Four tests, four failures. The hypothesis is wrong — and knowing it is wrong is real progress, because it stops the state pouring years into the wrong lever and points to the next candidate (food diversity, geographic access, cultural feeding practices).

The discipline cuts the other way, too. In Rajasthan — India's highest post-primary dropout rate, nearly twice the national average — a tempting explanation was the lack of girls' toilets. But the data refused to cooperate: Rajasthan actually had more schools with girls' toilets than the national average; over time, dropouts and toilets moved in the wrong direction together; and villages with toilets showed no significant dropout advantage over those without. Hypothesis weakened, sensibly set aside. When the same method was turned on complementary feeding as a cause of Rajasthan's stunting, every test strengthened it — Rajasthan ranks last on adequate infant diet (8.7% vs India's 15.3%), the rural diet gap matches the rural stunting gap, and the failure is precise to the 6–23-month window. A clean "yes," earned the same way the "no"s were.

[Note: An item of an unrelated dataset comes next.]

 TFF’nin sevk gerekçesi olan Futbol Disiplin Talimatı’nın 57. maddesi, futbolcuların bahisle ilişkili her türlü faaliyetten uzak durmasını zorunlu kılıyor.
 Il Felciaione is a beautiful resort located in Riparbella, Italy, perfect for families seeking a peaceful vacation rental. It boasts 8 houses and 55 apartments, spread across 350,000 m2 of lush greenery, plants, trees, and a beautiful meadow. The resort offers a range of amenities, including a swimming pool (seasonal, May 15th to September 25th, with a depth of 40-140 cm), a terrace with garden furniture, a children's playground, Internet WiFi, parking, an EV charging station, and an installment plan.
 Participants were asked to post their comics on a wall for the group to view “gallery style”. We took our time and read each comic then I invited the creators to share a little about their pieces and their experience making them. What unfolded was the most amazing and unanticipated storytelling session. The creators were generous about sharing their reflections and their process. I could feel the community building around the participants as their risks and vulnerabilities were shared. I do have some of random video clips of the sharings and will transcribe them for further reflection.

A final discipline: know where the data is born. Many numbers are settled long before any AI sees them, simply in how they are first recorded. Self-reported answers tend to drift toward what sounds acceptable; manual measurements drift when instruments or training fall short. Some errors consistently overstate and some consistently understate — a weighing scale set a little high, a recall question answered from memory. None of this implies bad faith; it is simply how all manually collected data behaves, everywhere. The remedies are constructive and well known: align the incentives of whoever records the data, keep instruments and training in good order, audit gently, and simplify the forms. And this is where AI genuinely shines — the tireless validation checks: range checks (a child's age cannot be 200), logical consistency (breastfed newborns cannot exceed live births), and outlier and trend spotting (for instance, a centre reporting the identical number every month).

The happy ending

Notice the shape of all ten chapters. Each warning has a matching, cheerful fix — and most of those fixes are now easier, not harder, in the age of AI:

• The average that hides → disaggregate, which AI does in seconds.
• The missing figures → demand the base, and have AI flag its absence automatically.
• The tiny difference → test whether it's real before acting.
• The false cause → build a counterfactual, which AI can help estimate.
• The dazzling decimal → ask for the error rate behind the confidence.

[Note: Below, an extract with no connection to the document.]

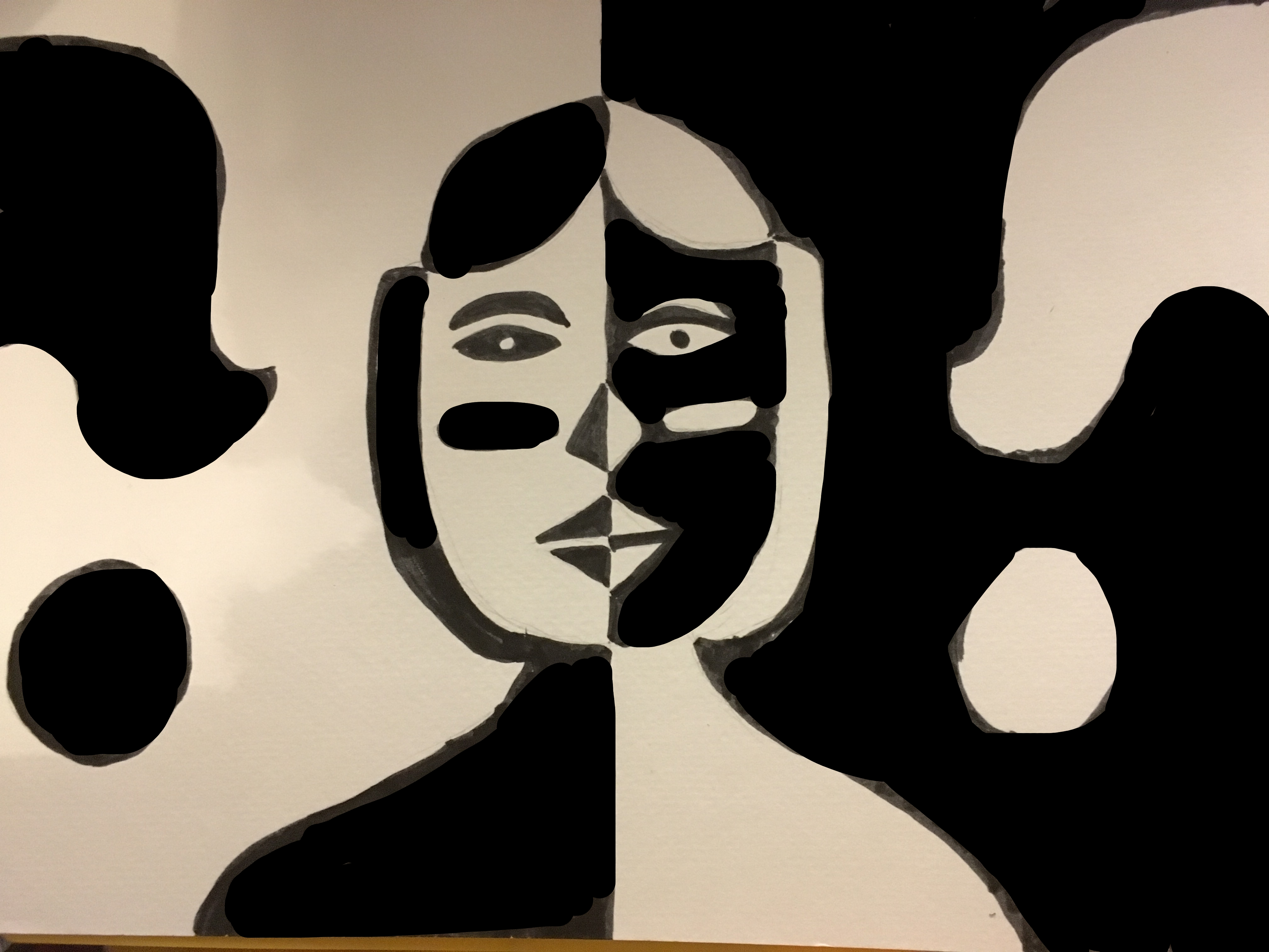 In my design, the negative and positive space both are used to highlight my features. I cut out the positive space which is my hair, and other facial features. To contrast, I left negative space to highlight the features.

The very tool that could spread an error a million times is also the most tireless fact-checker we have ever had. Point it at catching mistakes, and it becomes our ally.

We are about to have more data, and more powerful tools, than any administration in history. That is genuinely thrilling. Huff's five small questions — and the one discipline beneath them, if this were true, what should I see in the data? — are how we make sure all that power lands where it should: as better roads, healthier children, fuller classrooms, on the way to Viksit Uttarakhand@2047.

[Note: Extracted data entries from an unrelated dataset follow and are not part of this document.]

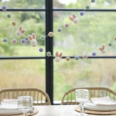 Hang this adorable felt Easter bunny bunting with pom poms around your room - Hop to it! Each Easter garland includes colourful felt balls and sweet little bunny heads., Manufacturer: Ginger Ray
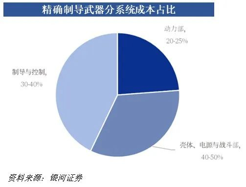 成本方面,制导系统占比最高,大多超 40%,先进空空导弹里甚至超 70%;稳定控制部分占 15%-25%,引信和战斗部占 10%-20%,远火的成本占比和导弹差不多。
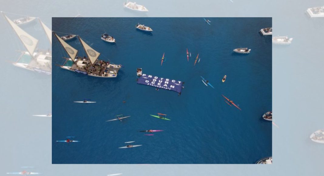 “Protect Our Ocean, #Think Deeply,” declared a 75-square meter sign floated in Avarua Harbour Wednesday by a flotilla of several hundred Cook Islanders who took to the water in a traditional double-hulled vaka, kayaks, jet skis and other vessels.
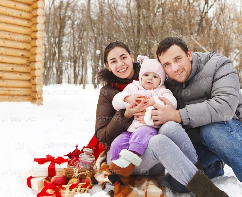 Счастливая семья на зимнем пикнике
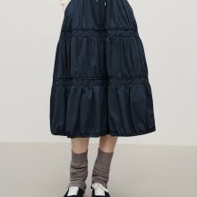 Use our battle tested marketing materials for Washed Blue Patchwork Pleated A-Line Mid-Calf Cotton Skirt

More data alone won't take us there. Data we can trust will — and trustworthy data begins, every time, with a single friendly, curious question.

Suggested reading: Darrell Huff, How to Lie with Statistics (1954). The Indian examples of disaggregation, diagnosis and impact draw on publicly available data from the National Family Health Survey (NFHS) and ASER; the PMGSY analysis follows Asher & Novosad (2020), American Economic Review.